◆ What to work on: Your task is to reproduce, verbatim and without pictures, the lines from the opening of the listing through the line containing "VILPE ROOFSEAL-4(7),5(8),6(9) комплект, Технический".

——

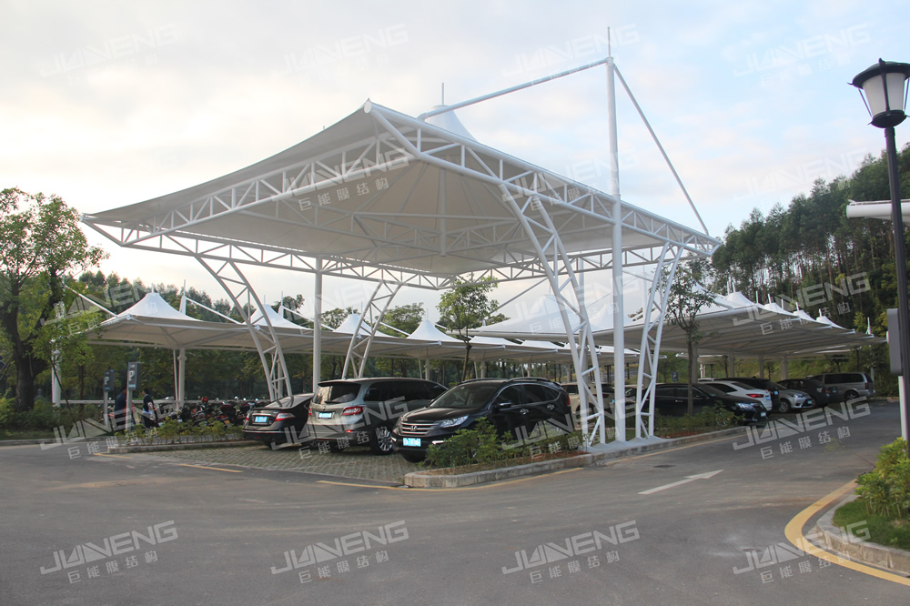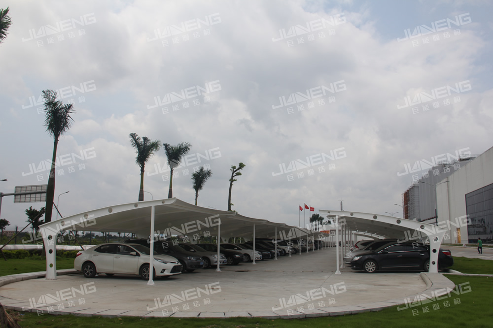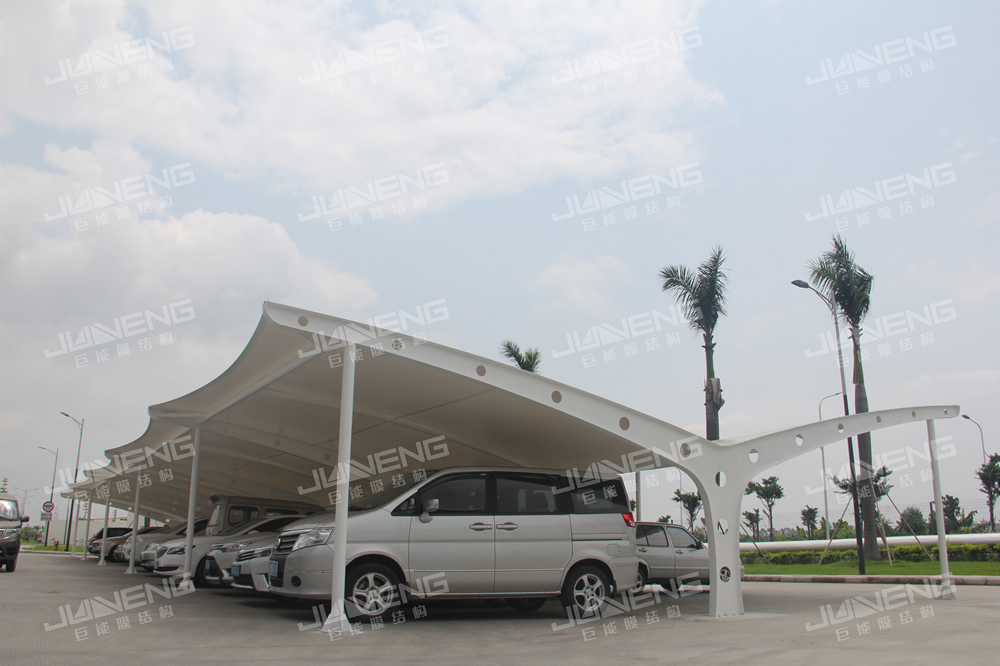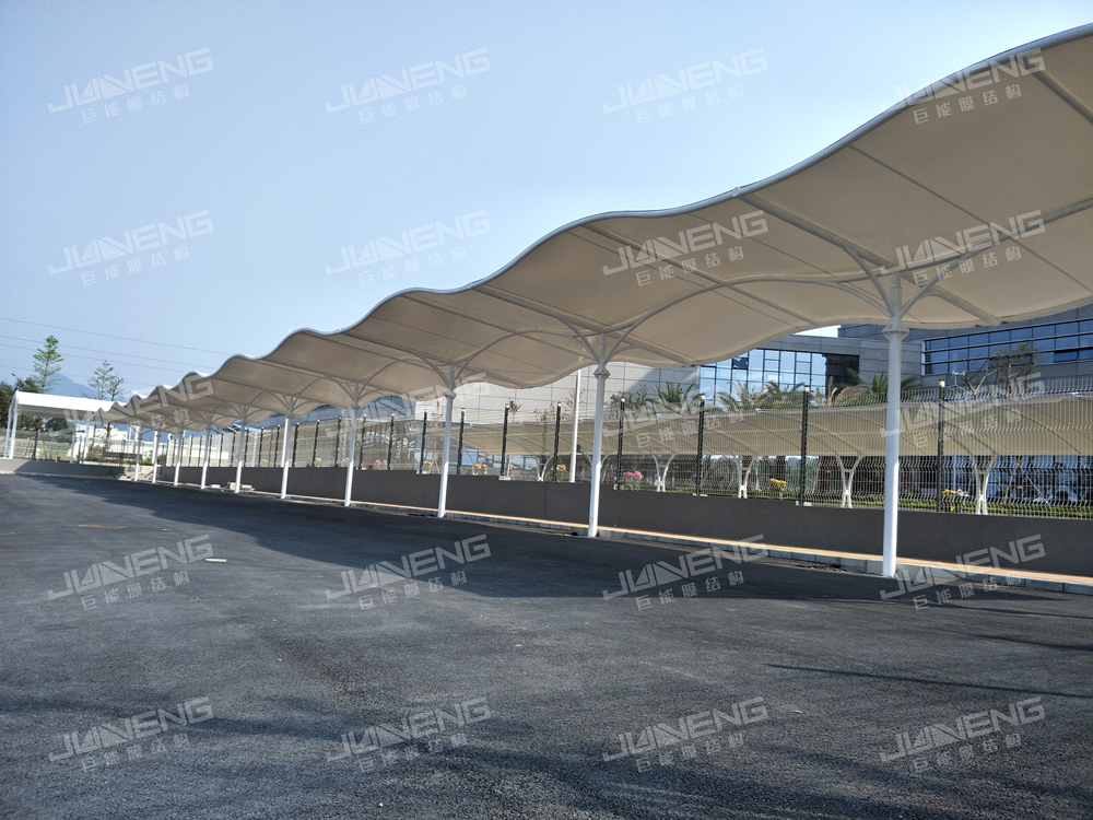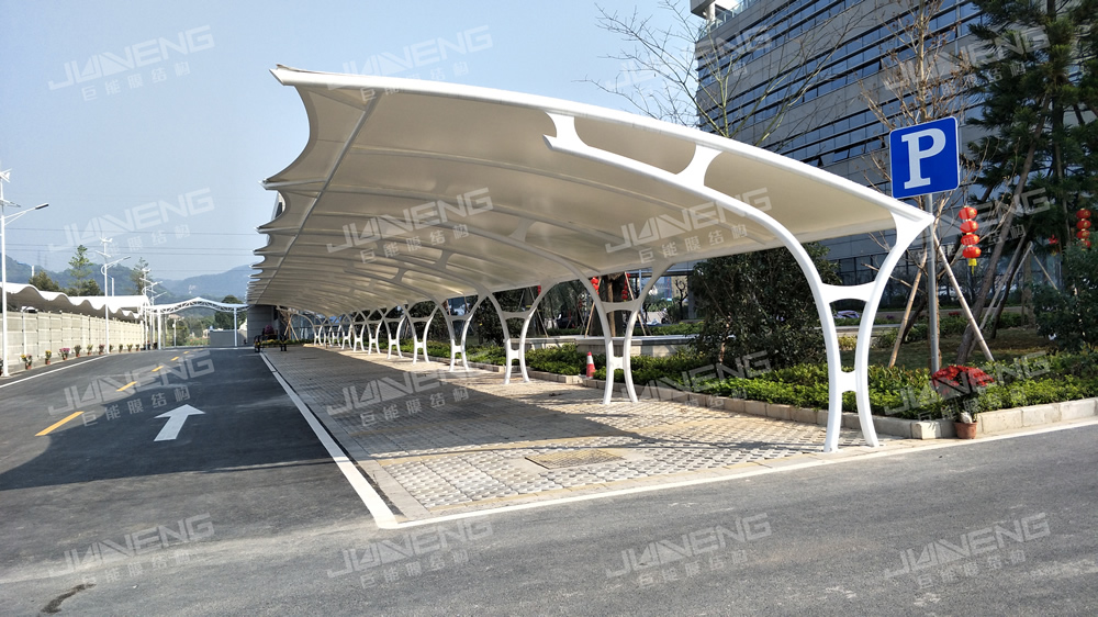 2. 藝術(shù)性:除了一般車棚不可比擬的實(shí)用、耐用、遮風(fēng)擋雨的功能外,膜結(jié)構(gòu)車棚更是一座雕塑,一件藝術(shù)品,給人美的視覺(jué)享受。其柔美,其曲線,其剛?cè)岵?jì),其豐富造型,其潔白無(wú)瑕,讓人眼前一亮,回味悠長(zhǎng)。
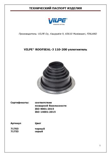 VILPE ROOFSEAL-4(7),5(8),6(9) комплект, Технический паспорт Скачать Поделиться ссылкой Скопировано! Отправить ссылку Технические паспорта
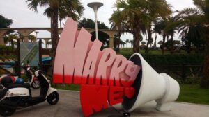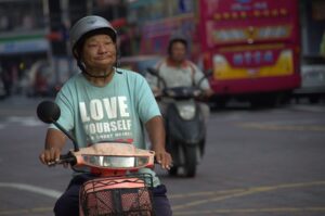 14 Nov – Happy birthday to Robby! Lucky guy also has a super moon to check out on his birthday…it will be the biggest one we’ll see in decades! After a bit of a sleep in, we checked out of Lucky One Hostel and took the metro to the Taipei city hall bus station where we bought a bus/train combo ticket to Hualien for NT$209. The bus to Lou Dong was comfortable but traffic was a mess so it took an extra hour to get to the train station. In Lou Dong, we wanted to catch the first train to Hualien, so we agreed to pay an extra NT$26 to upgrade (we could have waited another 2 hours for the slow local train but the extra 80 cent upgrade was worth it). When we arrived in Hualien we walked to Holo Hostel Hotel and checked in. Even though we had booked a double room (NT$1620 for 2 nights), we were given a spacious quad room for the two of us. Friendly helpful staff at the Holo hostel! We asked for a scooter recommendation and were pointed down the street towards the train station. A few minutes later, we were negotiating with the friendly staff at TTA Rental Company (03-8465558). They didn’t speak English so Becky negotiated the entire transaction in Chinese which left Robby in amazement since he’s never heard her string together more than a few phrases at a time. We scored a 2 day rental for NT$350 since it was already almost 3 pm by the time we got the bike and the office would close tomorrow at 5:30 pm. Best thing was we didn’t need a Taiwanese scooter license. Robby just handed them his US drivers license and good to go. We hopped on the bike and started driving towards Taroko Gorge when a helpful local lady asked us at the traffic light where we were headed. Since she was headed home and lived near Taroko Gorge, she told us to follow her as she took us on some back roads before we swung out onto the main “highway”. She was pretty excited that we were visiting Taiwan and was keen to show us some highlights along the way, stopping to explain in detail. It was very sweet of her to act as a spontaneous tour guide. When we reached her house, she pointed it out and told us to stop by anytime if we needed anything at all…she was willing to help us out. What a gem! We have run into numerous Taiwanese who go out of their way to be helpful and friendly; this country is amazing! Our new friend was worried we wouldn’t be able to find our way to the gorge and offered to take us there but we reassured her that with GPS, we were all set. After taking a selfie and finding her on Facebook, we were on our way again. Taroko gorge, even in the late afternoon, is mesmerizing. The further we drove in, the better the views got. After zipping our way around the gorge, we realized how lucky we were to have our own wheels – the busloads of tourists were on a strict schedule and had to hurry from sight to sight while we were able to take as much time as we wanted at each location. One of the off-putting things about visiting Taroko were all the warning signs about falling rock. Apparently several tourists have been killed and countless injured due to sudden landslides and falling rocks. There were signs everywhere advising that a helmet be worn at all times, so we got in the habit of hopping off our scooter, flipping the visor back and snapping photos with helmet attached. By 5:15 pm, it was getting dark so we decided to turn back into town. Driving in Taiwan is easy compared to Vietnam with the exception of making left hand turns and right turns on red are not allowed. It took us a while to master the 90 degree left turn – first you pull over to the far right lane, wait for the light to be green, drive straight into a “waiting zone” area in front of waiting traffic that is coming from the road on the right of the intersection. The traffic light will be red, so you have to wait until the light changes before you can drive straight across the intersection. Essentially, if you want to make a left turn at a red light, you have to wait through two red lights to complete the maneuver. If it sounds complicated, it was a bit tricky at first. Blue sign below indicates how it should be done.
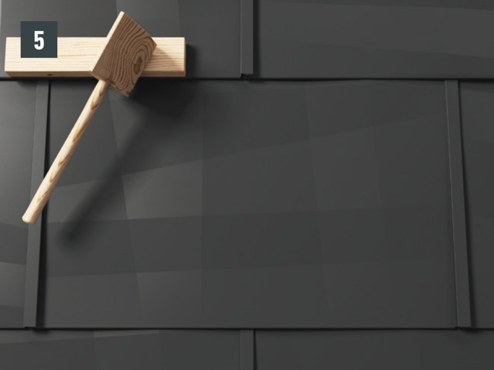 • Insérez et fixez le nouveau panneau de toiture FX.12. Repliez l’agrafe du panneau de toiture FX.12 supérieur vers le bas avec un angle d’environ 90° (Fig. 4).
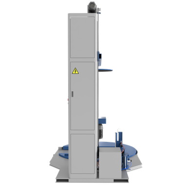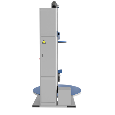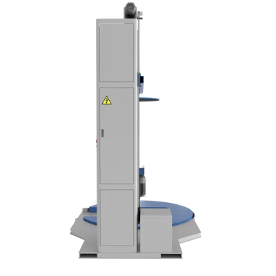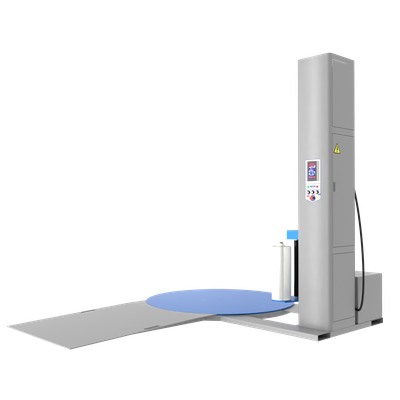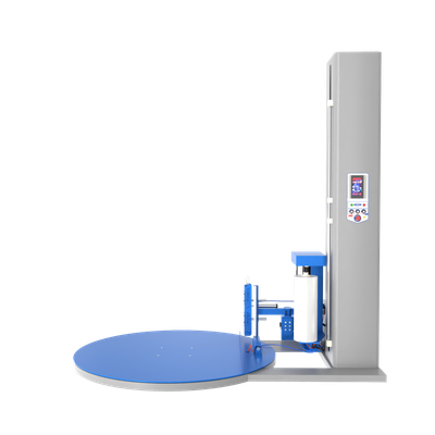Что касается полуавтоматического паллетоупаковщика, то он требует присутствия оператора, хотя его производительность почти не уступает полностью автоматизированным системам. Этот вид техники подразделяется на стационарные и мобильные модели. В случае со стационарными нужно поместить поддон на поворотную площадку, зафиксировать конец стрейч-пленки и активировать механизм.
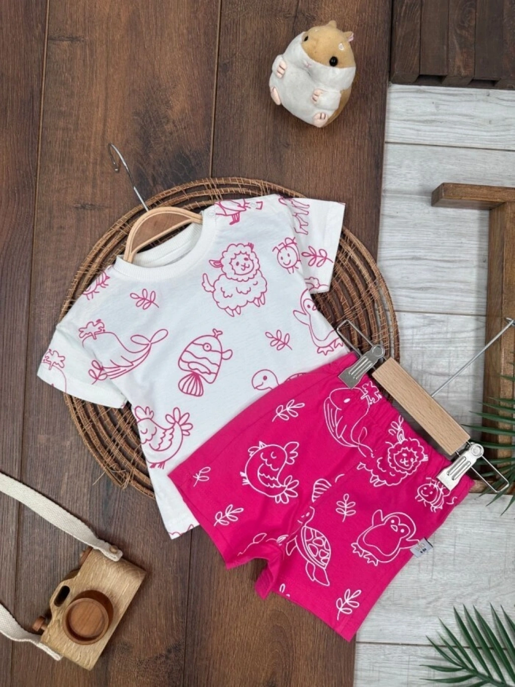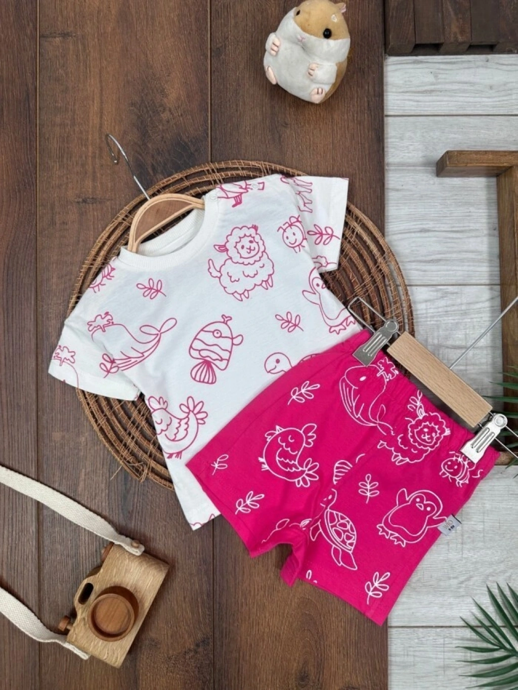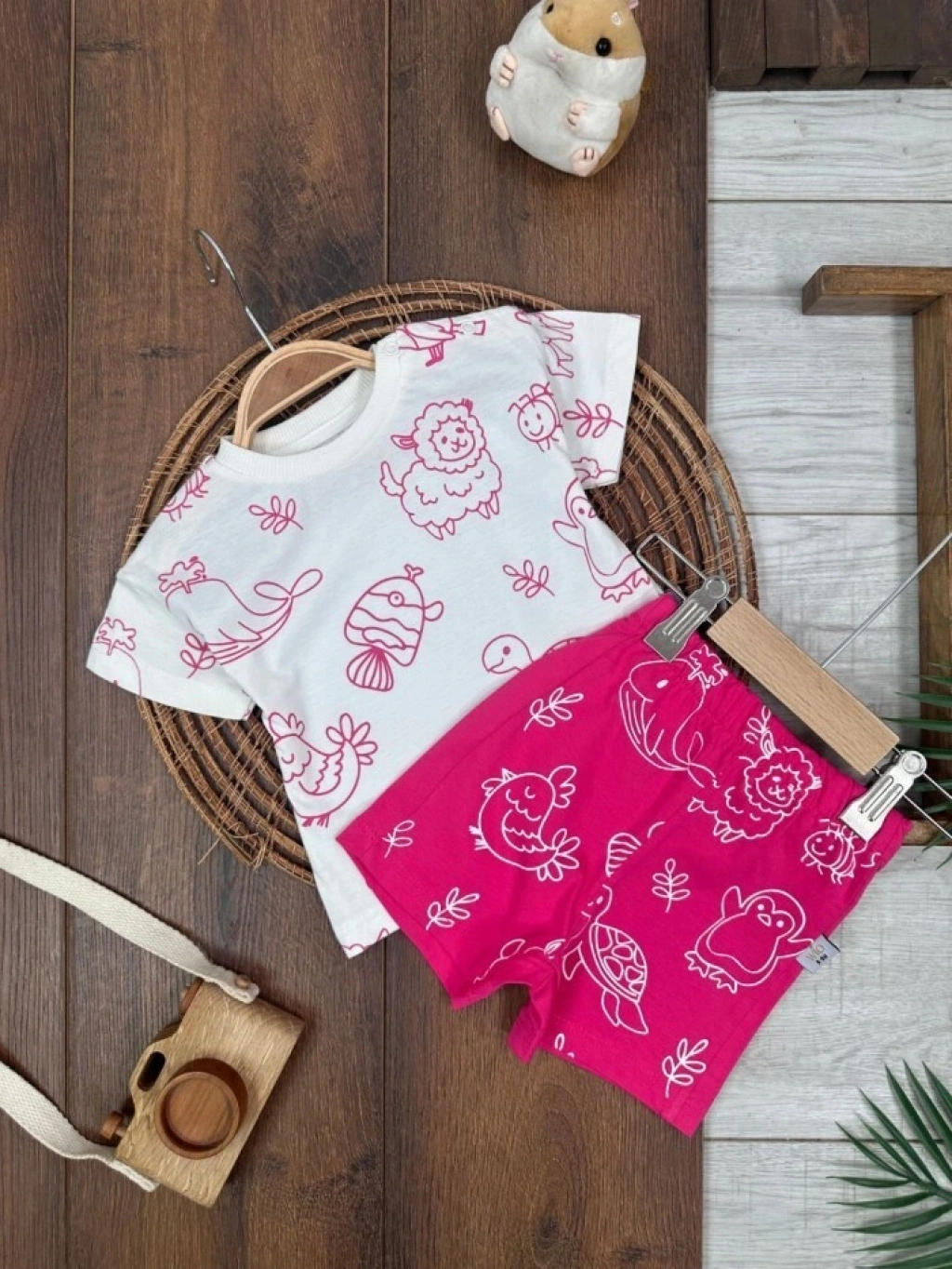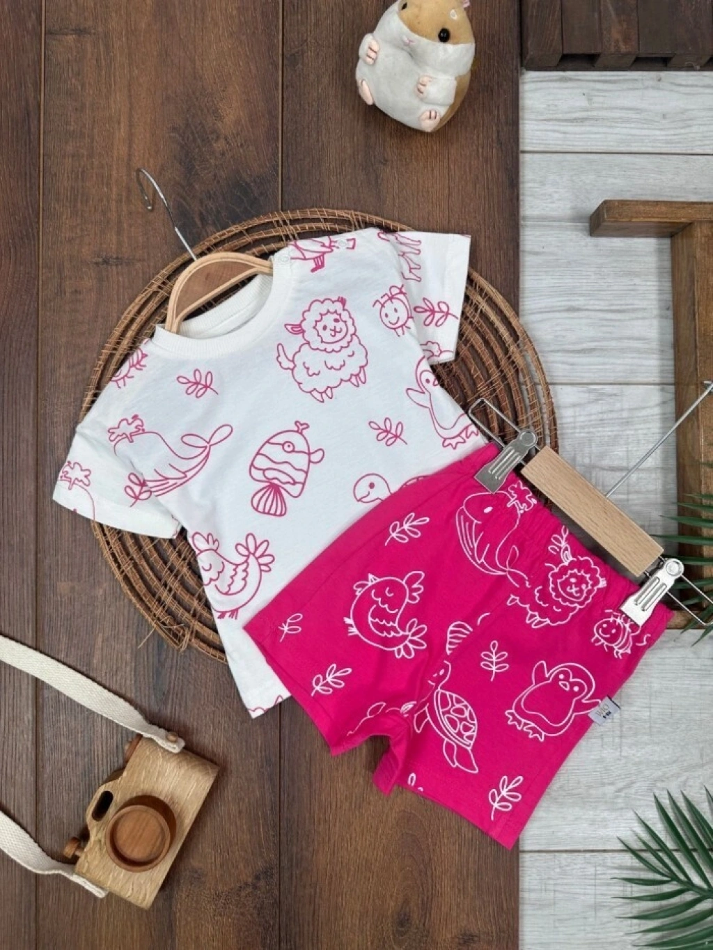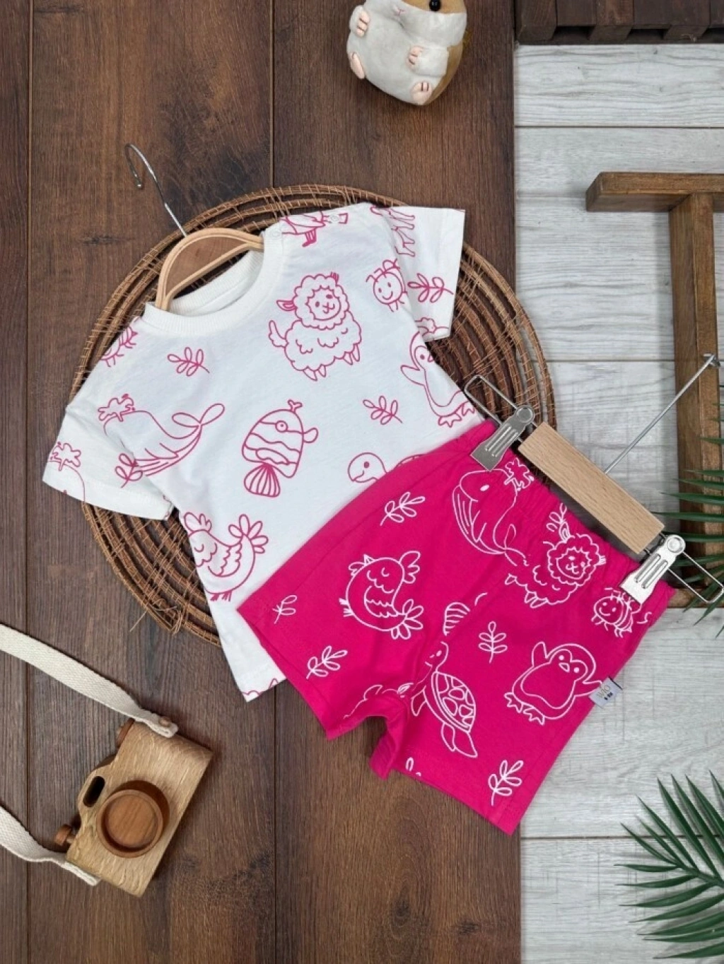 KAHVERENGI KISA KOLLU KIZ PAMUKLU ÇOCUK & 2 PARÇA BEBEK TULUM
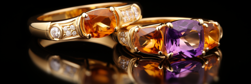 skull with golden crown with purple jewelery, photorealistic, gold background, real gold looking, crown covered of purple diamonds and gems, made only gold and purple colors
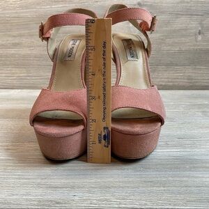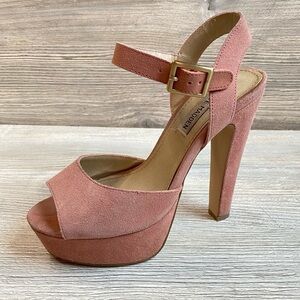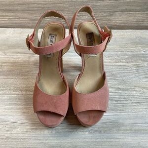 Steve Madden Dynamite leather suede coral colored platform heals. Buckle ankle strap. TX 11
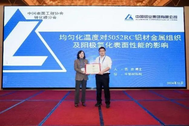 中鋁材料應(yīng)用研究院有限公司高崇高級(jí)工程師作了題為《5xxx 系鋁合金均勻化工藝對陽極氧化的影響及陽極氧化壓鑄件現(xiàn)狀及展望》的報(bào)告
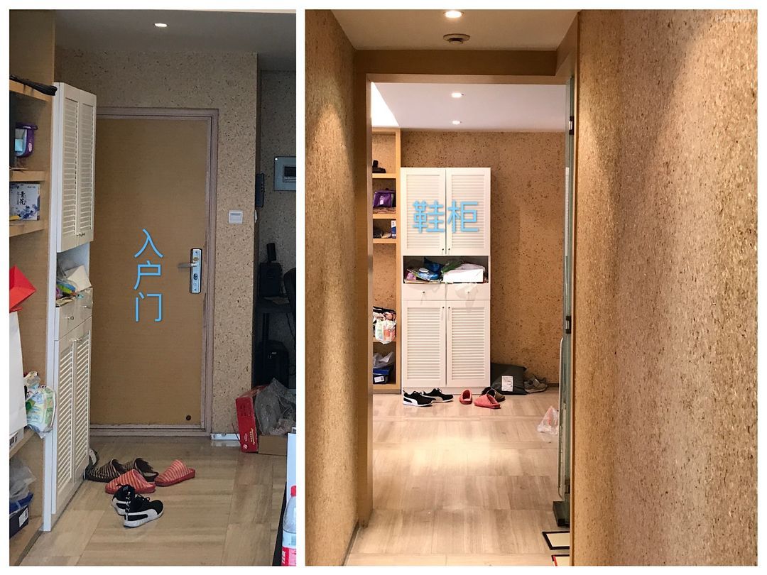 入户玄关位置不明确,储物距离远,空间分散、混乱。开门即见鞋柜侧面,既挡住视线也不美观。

——

◆ Written answer:
 2. 藝術(shù)性:除了一般車棚不可比擬的實(shí)用、耐用、遮風(fēng)擋雨的功能外,膜結(jié)構(gòu)車棚更是一座雕塑,一件藝術(shù)品,給人美的視覺(jué)享受。其柔美,其曲線,其剛?cè)岵?jì),其豐富造型,其潔白無(wú)瑕,讓人眼前一亮,回味悠長(zhǎng)。
 VILPE ROOFSEAL-4(7),5(8),6(9) комплект, Технический паспорт Скачать Поделиться ссылкой Скопировано! Отправить ссылку Технические паспорта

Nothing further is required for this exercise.